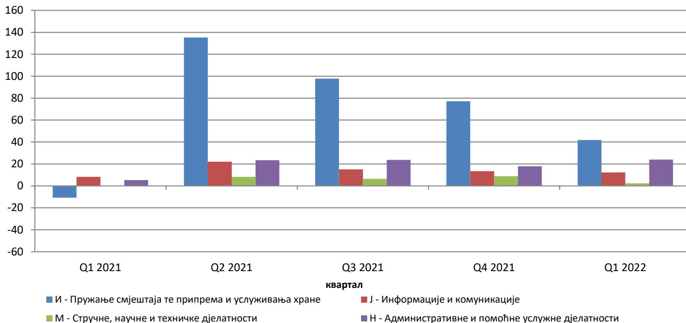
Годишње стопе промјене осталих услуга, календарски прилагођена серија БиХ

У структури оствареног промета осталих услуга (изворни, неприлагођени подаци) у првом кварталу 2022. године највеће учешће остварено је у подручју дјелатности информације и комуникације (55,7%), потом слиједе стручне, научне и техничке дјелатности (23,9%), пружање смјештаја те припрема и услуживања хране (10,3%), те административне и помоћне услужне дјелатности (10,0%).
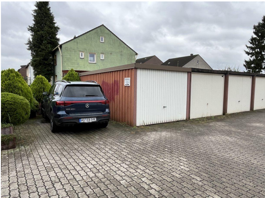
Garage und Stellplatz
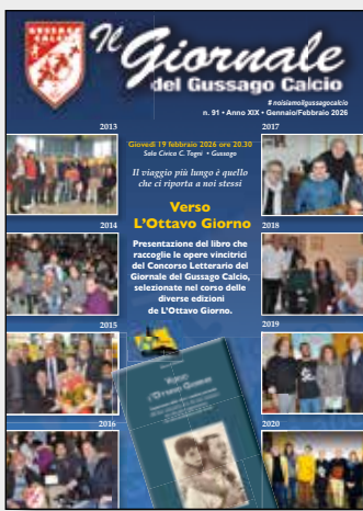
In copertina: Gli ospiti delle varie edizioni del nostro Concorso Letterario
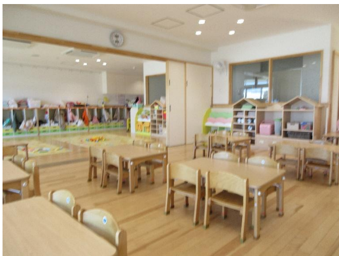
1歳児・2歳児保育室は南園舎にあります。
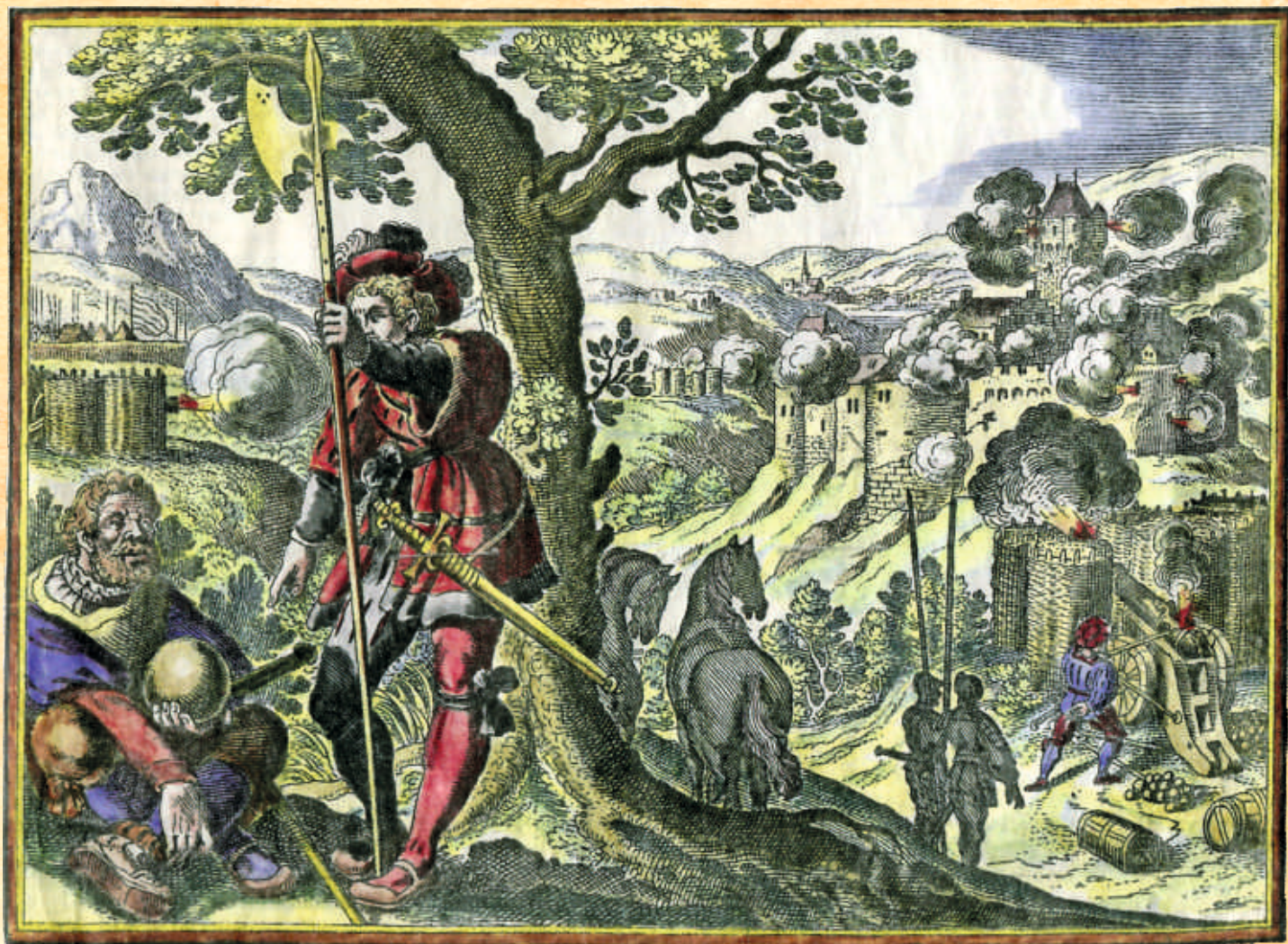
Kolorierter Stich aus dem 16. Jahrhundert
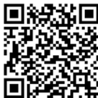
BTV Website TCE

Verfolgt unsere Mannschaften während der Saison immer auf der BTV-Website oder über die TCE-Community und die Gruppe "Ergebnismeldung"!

**ABOUT THIS EXERCISE**:
Return the entries above exactly as they appear. Pictures should not be copied.

**OUTPUT**:
Годишње стопе промјене осталих услуга, календарски прилагођена серија БиХ

У структури оствареног промета осталих услуга (изворни, неприлагођени подаци) у првом кварталу 2022. године највеће учешће остварено је у подручју дјелатности информације и комуникације (55,7%), потом слиједе стручне, научне и техничке дјелатности (23,9%), пружање смјештаја те припрема и услуживања хране (10,3%), те административне и помоћне услужне дјелатности (10,0%).
Garage und Stellplatz
In copertina: Gli ospiti delle varie edizioni del nostro Concorso Letterario
1歳児・2歳児保育室は南園舎にあります。
Kolorierter Stich aus dem 16. Jahrhundert
BTV Website TCE

Verfolgt unsere Mannschaften während der Saison immer auf der BTV-Website oder über die TCE-Community und die Gruppe "Ergebnismeldung"!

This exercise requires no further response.